Уважаемые эксперты, примите мою личную (и от лица Лаборатории Касперского) благодарность за Вашу работу. Надеюсь, что эти лицензионные ключи не окажутся причиной разногласий между приверженцами различных производителей средств безопасности, и Ваши советы по прежнему будут помогать лечить компьютеры вне зависимости от личных предпочтений.
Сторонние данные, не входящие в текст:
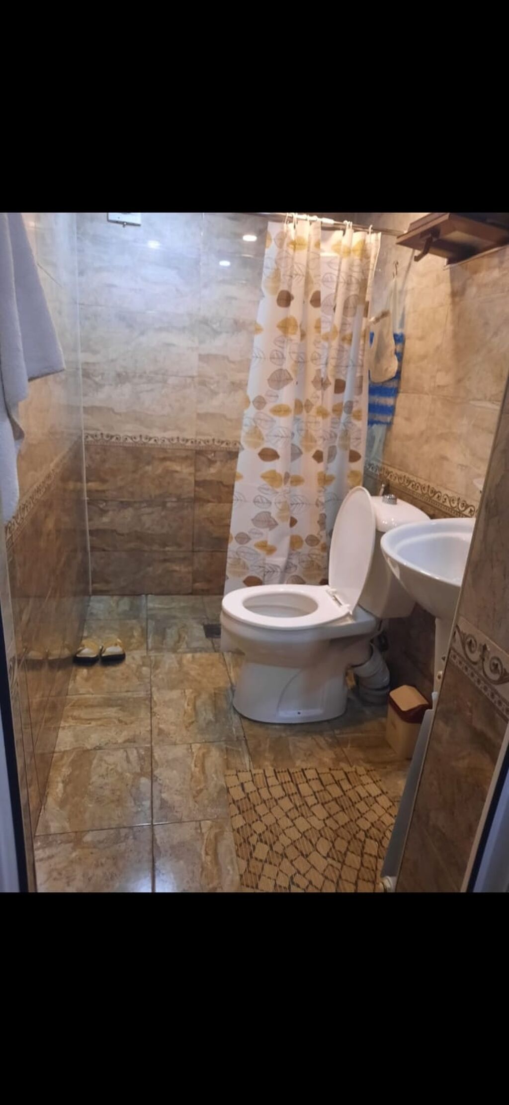 Mebel və texnika ilə təmin olunmuş mənzil təqdim olunur. - Otaqlar: rahat qonaq otağı (divan, 4 nəfərlik yemək masası və stullarla), ayrıca uşaq/yataq otağı (iki mərtəbəli çarpayı, kitab rəfi, iş stulu). - Sanitar qovşaq: tam sanitar qovşaq, duş üçün ayrıca zona, pərdə, qabyuyan lavabosu və unitaz. Divar və döşəmələr keramika plitə ilə. - Daxili giriş: işıqlı dəhliz, PVC giriş qapıları və pəncərə, asılqan və ayaqqabı zonası. - İstilik: radiatorlar mövcuddur. - Döşəmə: otaqlarda laminat, sanitar qovşaqda plitə. - Əlavələr: pərdələr, xalça, rəflər, dekorativ elementlər. Ailə üçün funksional planlaşdırma, praktik saxlama yerləri və rahat yaşayış mühiti.
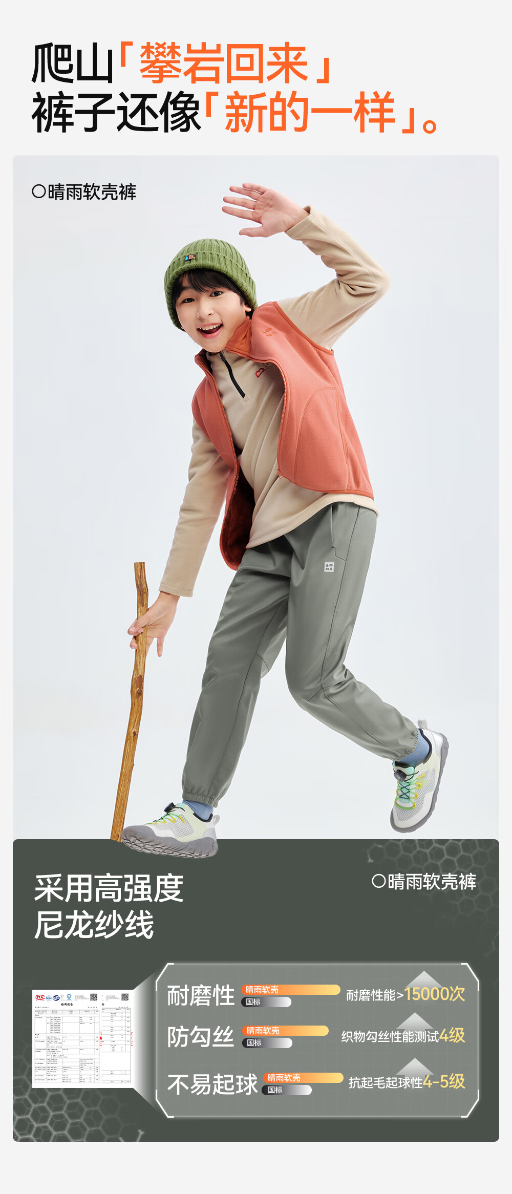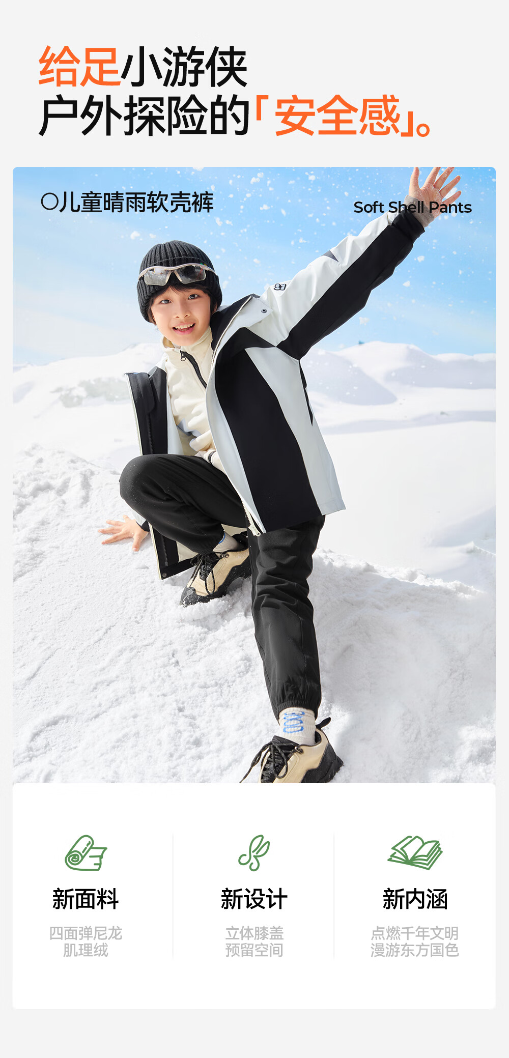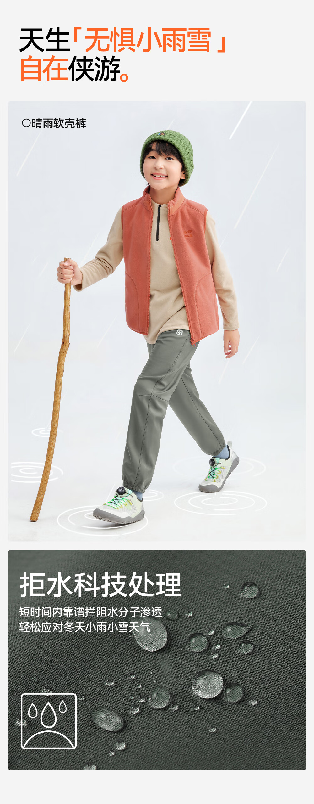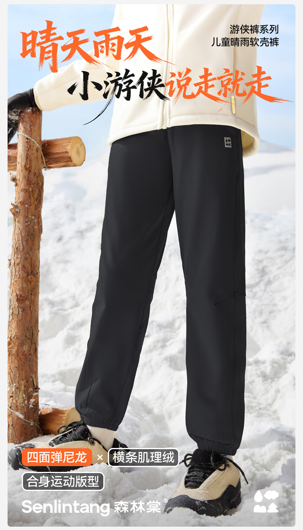 森林棠【晴雨软壳游侠裤】森林棠25冬防风保暖防泼水儿童户外加绒运动裤 泼墨走笔 均码 160cm
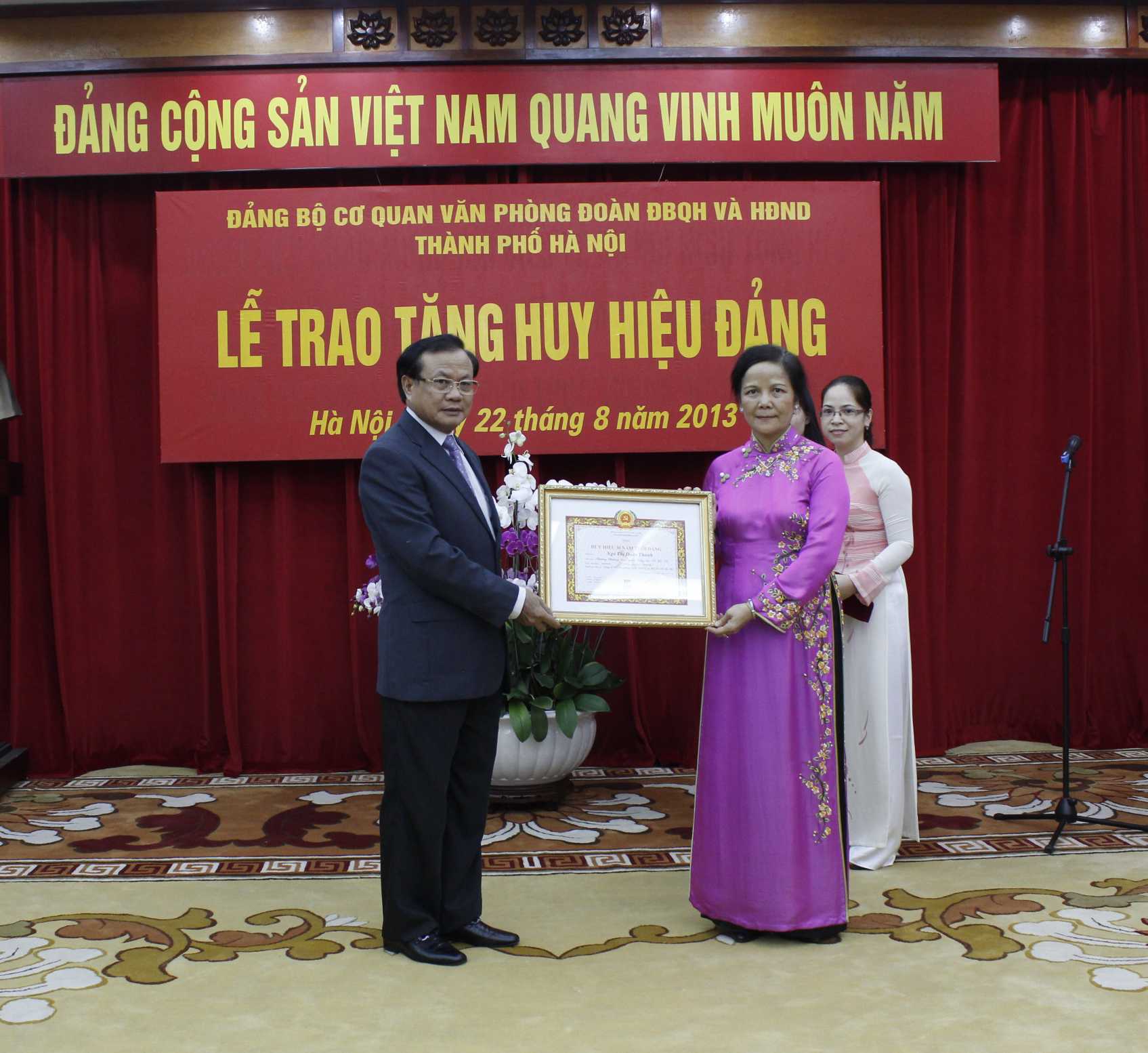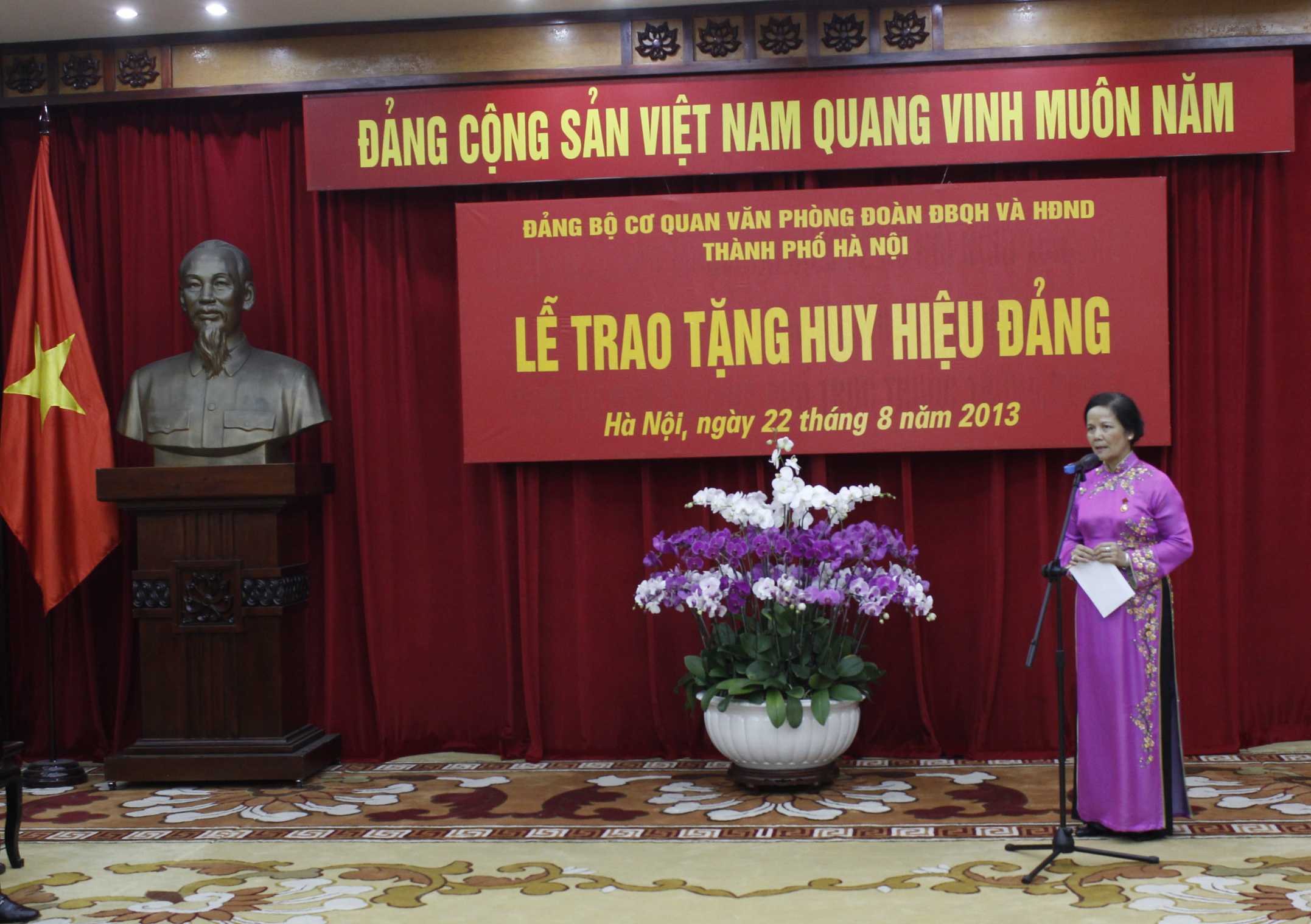 Chiều 22/8, Đảng bộ cơ quan Văn phòng Đoàn ĐBQH và HĐND TP Hà Nội tổ chức trọng thể Lễ trao tặng Huy hiệu 30 tuổi Đảng cho đồng chí Ngô Thị Doãn Thanh, Ủy viên TƯ Đảng, Phó Bí thư Thành ủy, Chủ tịch HĐND TP Hà Nội.
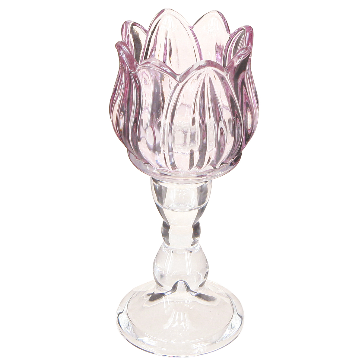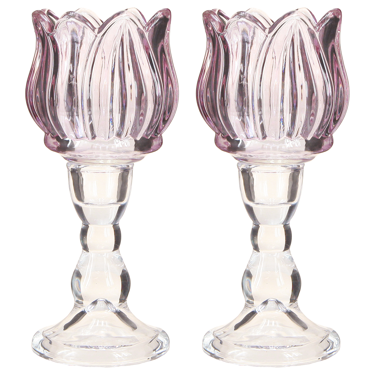 Teelichtglas Tulpe Teelichthalter Glas Lila Ø7cm H16cm 2St
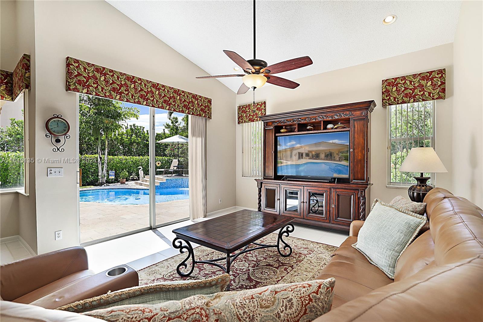 Located in the highly desired community of Kensington Glen and situated on a prime 10,487sq lot, located on a cul-de-sac with tranquil pool and wide water views! This 4 bedroom 3 bathroom home is immaculate! Enter through your covered lanai through the double doors and once you enter you are immediately greeted by the natural lighting, vaulted ceiling and expansive open triple split floor plan. Formal dining room, living rooms. Primary suite features two large walk-in closets, volume tray ceiling and spacious en-suite bath w/ dual sinks, soaking tub and shower. The kitchen is tastefully upgraded & has plenty of counter space and overlooks the breakfast nook & family rooms. Roof 2016. Accordion Shutters. 2 car garage. Walkable to parks & schools & much more!

P.S. WaterFish, реклама КАВ/КИС6, к сожалению, сильно отстает от самого продукта. Это я вам как разработчик говорю. Обвинения в излишней рекламе, на мой взгляд, безосновательны. Если у Вас есть причины обвинять ЛК во лжи по поводу КАВ/КИС6 - напишите мне в личку, я со своей стороны постараюсь устранить эти недоразумения. Благодарю за понимание.

----------


## WaterFish

> однако я поддерживаю Вас во мнении, что реклама средств безопасности на этом сайте может сыграть отрицательную роль в его работе.


Спасибо за понимание.
Другое в ПМ.  :Smiley:

----------


## NickGolovko

Частично согласен с WaterFish. Могу привести в пример себя. =) Я тоже имею наградной ключ, но в подписи это не афиширую  :Smiley:

----------


## Geser

> Частично согласен с WaterFish. Могу привести в пример себя. =) Я тоже имею наградной ключ, но в подписи это не афиширую


Афишировать или нет личное дело каждого. Если бы антивирус был плохой, то никто бы ключики не просил и не афишировал. А если продукт достойный, то не грех показать это окружающим. Мы, например, всем советуем проверить компьютер Куритом от ДрВеб. Это тоже своего рода реклама. Ну так что, не советовать?

----------


## WaterFish

Geser, дело не в том плохой или хороший продукт, а в том во что может превратиться любой форум, если каждый захочет запихнуть себе в подпись рекламу. Чем это будет отличаться от рекламных ботов?  :Smiley:

----------


## Geser

> Geser, дело не в том плохой или хороший продукт, а в том во что может превратиться любой форум, если каждый захочет запихнуть себе в подпись рекламу. Чем это будет отличаться от рекламных ботов?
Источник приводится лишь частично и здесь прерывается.